--- Prompt ---
In the entries that follow, the lines from the line containing "Joker kart var" up to and including the line containing "Anillo con león" must be copied exactly, with pictures omitted.

********************

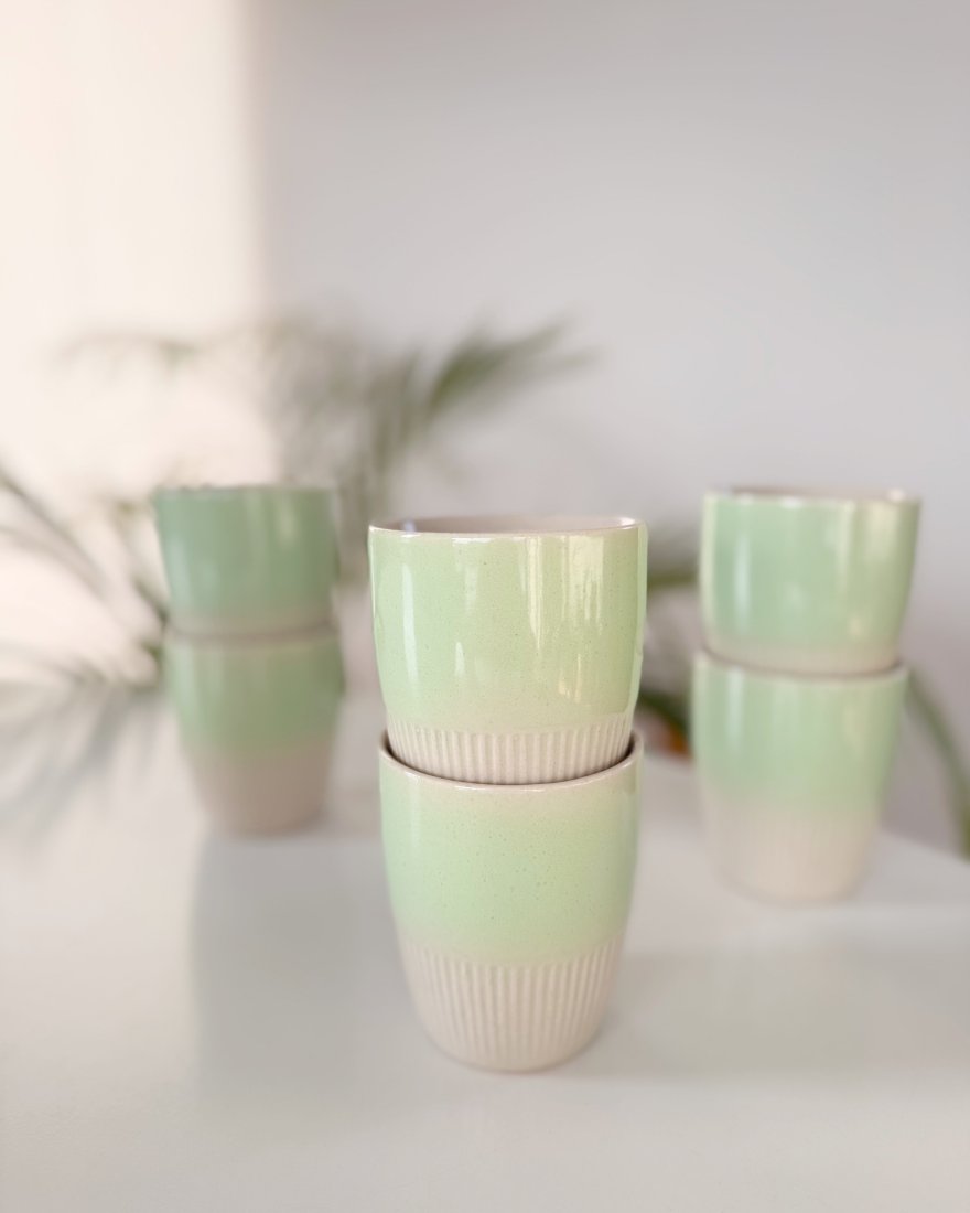 Kubki są w idealnym stanie, wyglądają na nieużywane.
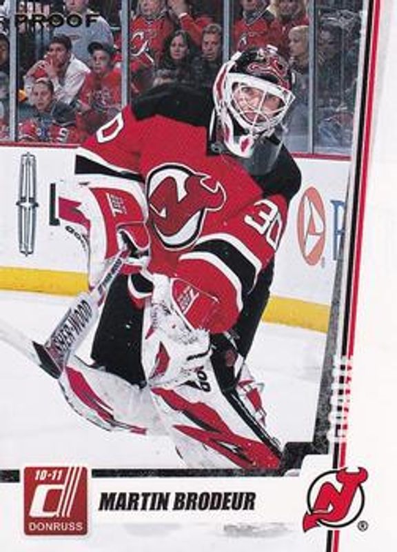 The Martin Brodeur 2010 Donruss #77 Press Proofs /100 card is 1 of 10 Martin Brodeur's card variations in the 2010 Donruss set being tracked by Sports Card Investor, including Base, Boys of Winter, Boys of Winter Threads, Les Gardiens, and Boys of Winter Threads Prime /100.
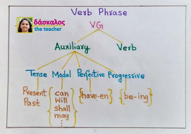 The verbal group generally immediately follows the NP in a typical English sentence. It consists of the main verb and the auxiliary.
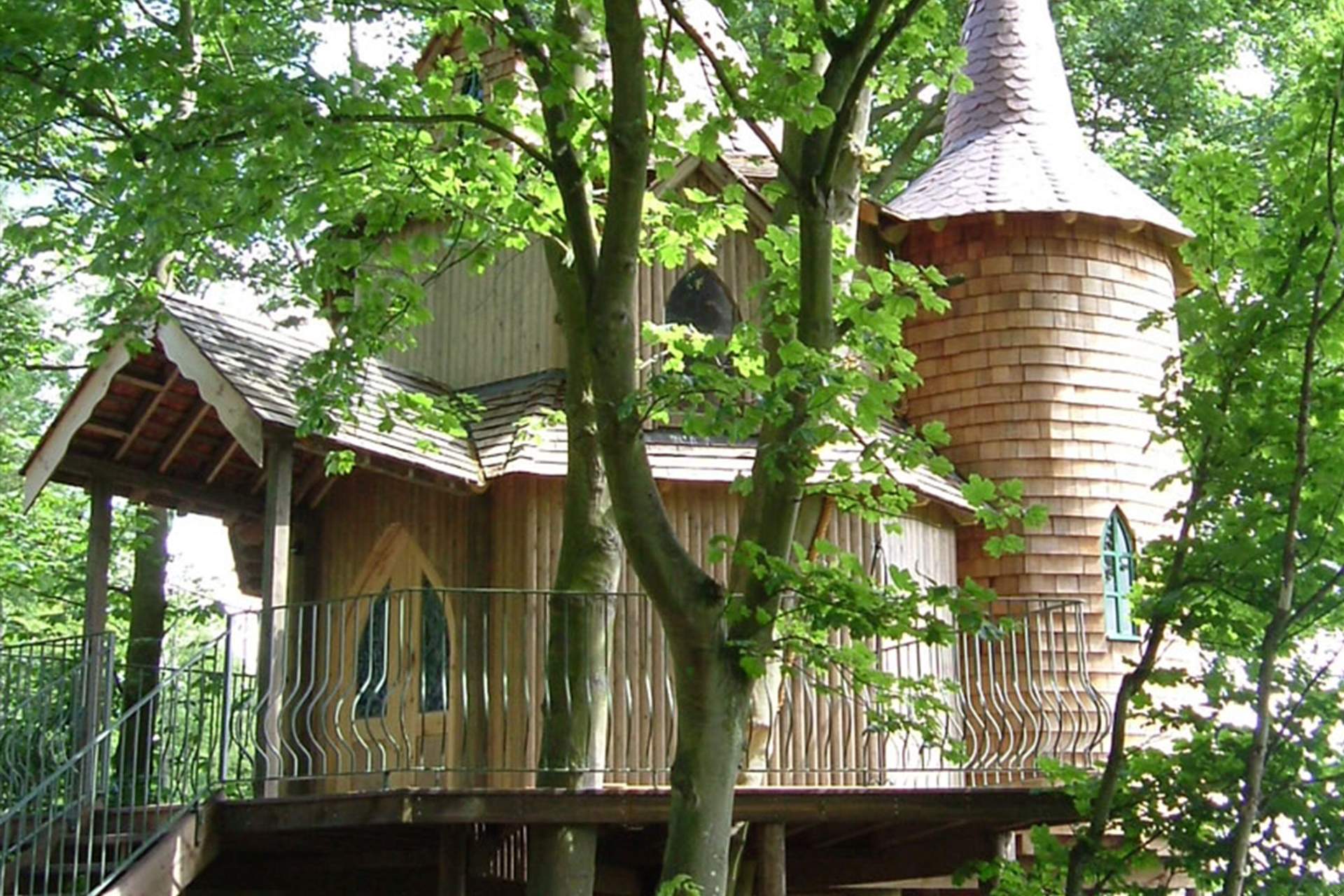 Built in a cluster of sycamore trees, a stay at Fernie Castle’s treehouse is like stepping into a fairytale. That’s not just because of its turreted roof and its high position among the foliage, but also because of the décor – fairies and mythical creatures are painted on the walls.
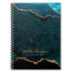 Notebook de script Dourado Glam Teal Velvet Agate Geode
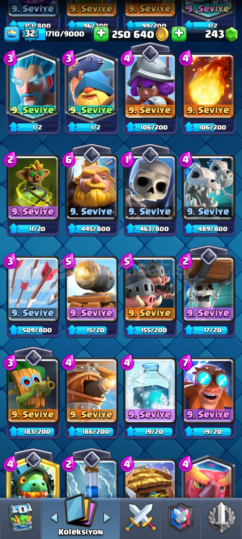 Joker kart var 1 tane 4 evrim var ama diğer kartlarda da 3 evrim açık cadı barbarlar ve cehennem ejderhası 3 evrim kartı açık sadece pekka büyücü Tesla mega şövalye evrimi açık e posta değişimi var
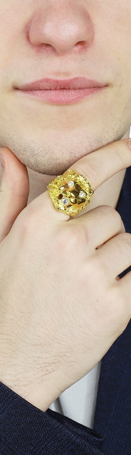 Anillo con león en oro amarillo de 18k con circonitas
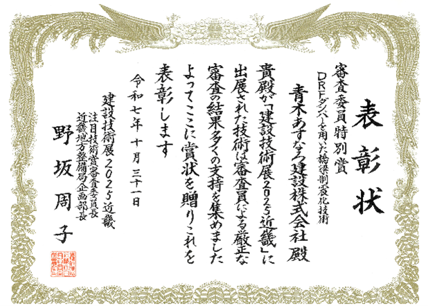 青木あすなろ建設株式会社(本社:東京都港区、代表取締役社長:望月尚幸)は、10月30日(木)および31日(金)に開催された建設技術展2025近畿において、出展企業として参加し、「DRFダンパーを用いた橋梁制震化技術」が技術展示部門において「審査委員特別賞」を受賞しました。
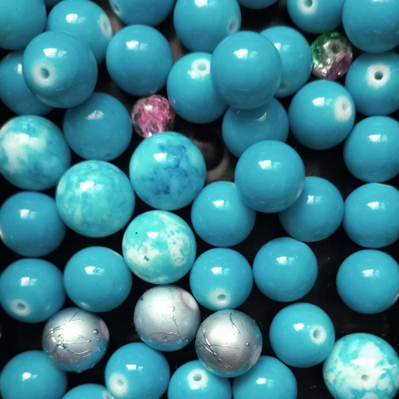 Mix skleněných korálků 11-14 mm, většinu tvoří celé modré a mramorované korálky, sáček může obsahovat i zlomek různorodých skleněných korálků.
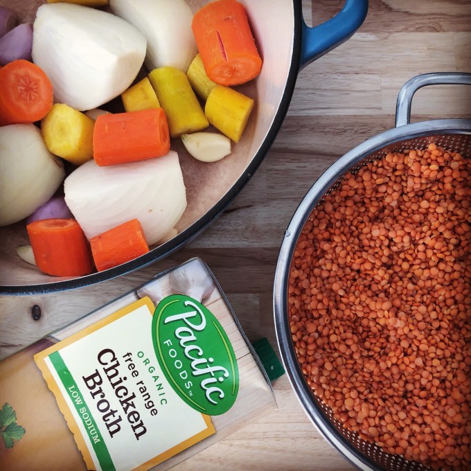 One of my avid readers (perhaps the only avid reader of my blog besides my dad — who is really only considered an avid reader because I signed him up for an email subscription of my newly posted blogs thus forcing him to become an avid reader) recently suggested more soup recipes. If there are any other (silent) avid readers out there wondering what’s with all the soup recipes recently, that’s why. Specifically she asked for a lentil soup recipe. I’m guessing this is because lentils are healthy, full of fiber, and cheap (especially when buying in bulk).
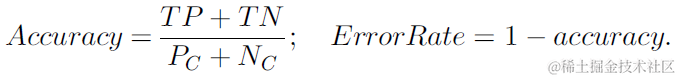 正确率(Accuracy)和F值的计算如下式所示。可见正确率或错误率并不能表示不平衡数据下模型的表现,对于不平衡数据即使全部预测为多数类也可以达到较高的正确率较低的错误率,而F值同时考虑到了少数类的准确率和召回率,因此能衡量不平衡数据下模型的表现,其中ββ取值通常为1。
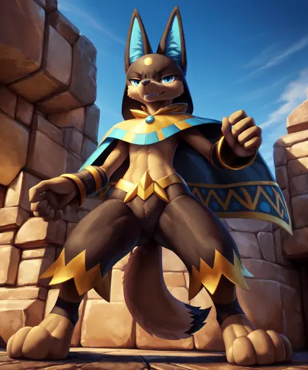 Supporting: anthro, hi res, canid, clothing, fur, jackal, anubian jackal
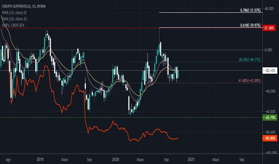 Interesante lo que se puede ver en Supervielle, velas semanales, en línea con el resto de las acciones bancarias principales. Tenemos un impulso alcista iniciado en marzo que retrocedió aproximadamente un 38% y continuó camino hacia una zona de resistencia, para luego volver a rertoceder exactamente hasta el nivel de 61%. Esta suba iniciada en marzo hasta el último retroceso nos da una extensión nada menos que a la resistencia, nivel de 61% a $86.
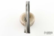 This Heat Seeker is a Tashi Bharucha design made by Massdrop features a hand rub satin finshed blade with flipper. The handle has a carbon fiber scale, bead blast finished titanium frame with matching tip up clip. Comes with original box, zippered case and card. Has scuffs and scratches, great condition otherwise.

********************

--- Response ---
 Joker kart var 1 tane 4 evrim var ama diğer kartlarda da 3 evrim açık cadı barbarlar ve cehennem ejderhası 3 evrim kartı açık sadece pekka büyücü Tesla mega şövalye evrimi açık e posta değişimi var
 Anillo con león en oro amarillo de 18k con circonitas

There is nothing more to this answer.